Given two bounded sets $A,B$ and $\sup A<\sup B$, is there an element in $B$ that works as an upper bound for $A$?

Question

Originally I worked this questions out by just saying that $m=\sup B$ and $m>\sup A$. Then drawing the conclusion that $m$ is an upper bound for $A$. I figured this was wrong because we're unsure that $\sup B$ is in $B$ at all.

I decided to approach it like this:

Let $\sup B=m$, which may or may not be in $B$. But, $m-1$ is in $B$ and $m-1\geq \sup A$. Therefore, $m-1$ is an upper bound for $A$.

My main question arises when subtracting $1$ from $m$. Is this a logical justification?

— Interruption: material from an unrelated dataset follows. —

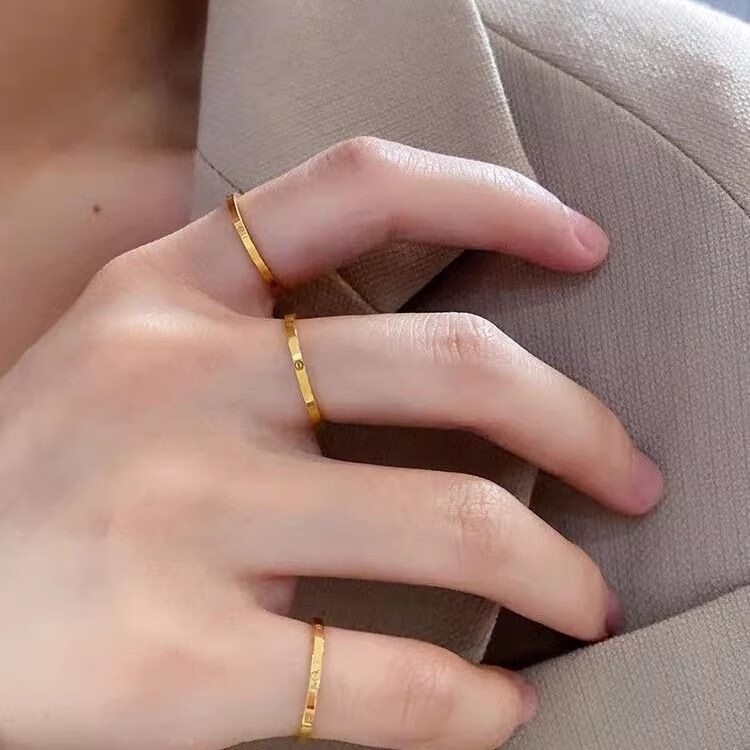 QUAMER Old Phoenix Gold Store Model Washable/Classic Versatile Ring Ring Simple Light Luxurious Exquisite Couple Dining Tail Ring One-word Beauty No. 7 (Reference 100-115 Jin Jin is equal to 0.5 kg) (Height

I can't think of any other way to justify it unless I know that the set $B$ has maximum, which I don't.

Thank you.

Answer 1

You can't necessarily subtract $1$ and stay larger that $\sup A$. But you can subtract anything that is smaller than $\varepsilon=|\sup A - \sup B|$.

By definition of a supremum, $B$ contains an element in the interval $(m-{\varepsilon\over2}, m)$ and that element is an upper bound for $A$.

Answer 2

Pick an $\epsilon>0$ such that $\sup A<\sup B-\epsilon$, then there exists some $b\in B$ such that $\sup B-\epsilon<b\leq\sup B$, then $b>\sup A\geq a$ for all $a\in A$.

Answer 3

No, you can't subtract $1$ like that. But $\sup B$ is the least upper bound for $B$; since $\sup A<\sup B$ this says that $\sup A$ is not an upper bound for $B$, which says in turn that there exists $b\in B$ with $b>\sup A$ (and hence yes, $b$ is an upper bound for $A$).

Answer 4

$\sup B$ is the smallest upper bound for $B$. This means that a strictly smaller number $\sup A$ cannot be another upper bound of $B$. Thus, $\mathbb R$ being totally ordered, there is a $b\in B$ such that $b\gt\sup A$. However, this means that, for every $a\in A$ you have $b\gt\sup A\gt a$, i.e. $b$ is an upper bound for $A$.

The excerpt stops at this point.